# Root server Kernel Problem

## stalinski

Folgendes Problem,

Ich will auf einem Rootserver den Kernel austauschen (der bisherige hat einfach _alles_ aktiviert, das ist wohl nicht das wahre für nen Kernel...)

Das Problem ist jetzt aber:

Ich bekomme den Server mit dem neu gebauten Kernel nicht neu gestartet, er bricht irgendwo ab und startet neu.

Da ich weder eine KVM noch eine serielle Konsole zur Verfügung habe kann ich somit auch nicht feststellen, wo der Fehler liegt.

Hat jemand ne Idee, was man da machen kann?

Installiert ist zur Zeit ein Debian, rauf soll eigentlich ein gentoo... 

Aber ohne neuen Kernel geht das net.

Irgendwie ist das deprimierend, keinerlei Angaben zu haben, was falsch ist  :Sad: 

Die Failsave Aktion in grub ist aktiviert, d.h. ich habe immerhin ein lauffähiges System.

Gruß

Sven

----------

## gabelhonz

Hi,

also wenn du durch lspci alle deine notwendigen treiber im Kernel hast probier folgendes:

1. In den neuen Kernel Version ist komischer Weise mount root over nfs defualt mäßig aktiviert, was das bedeutet solltest du wissen.
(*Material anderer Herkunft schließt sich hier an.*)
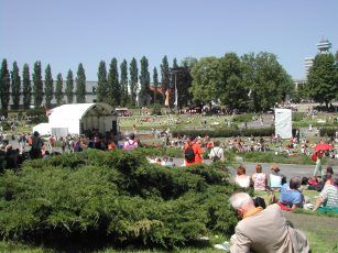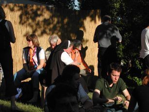Nach dem Abendessen auf einer Messewiese

Wenn drinn mach es raus.

2. übergib deinem Kernel die option noapic und/oder acpi=off, manche Rechner brauchen das um die RootDevice zu finden.

Habe mich bei nummer 2 auch schon im Kernel totgesucht, bis ich diese option mitgegeben habe. Dann ging alles.

Fehler trat immer in Verbindung mit SATA Controllern auf.

gruß und viel glück weiterhin! Gib nicht auf  :Wink: 

----------

## stalinski

 *gabelhonz wrote:*   

> 
> 
> 1. In den neuen Kernel Version ist komischer Weise mount root over nfs defualt mäßig aktiviert, was das bedeutet solltest du wissen. Wenn drinn mach es raus.
> 
> 

 

nfs ist komplett deaktiviert, gar nicht erst im Kernel drin  :Smile: 

Btw. wo müsste man nach dem booten nachschaun? Ich finde das irgendwie gerade nicht  :Wink: 

 *Quote:*   

> 
> 
> 2. übergib deinem Kernel die option noapic und/oder acpi=off, manche Rechner brauchen das um die RootDevice zu finden.
> 
> 

 

hmmm, das sollte bei einem Sempron eigentlich nicht nötig sein, aber ich werde das mal ausprobieren...

Ach so, SATA hat das Teil auch nicht, ist nen Standard IDE Controller...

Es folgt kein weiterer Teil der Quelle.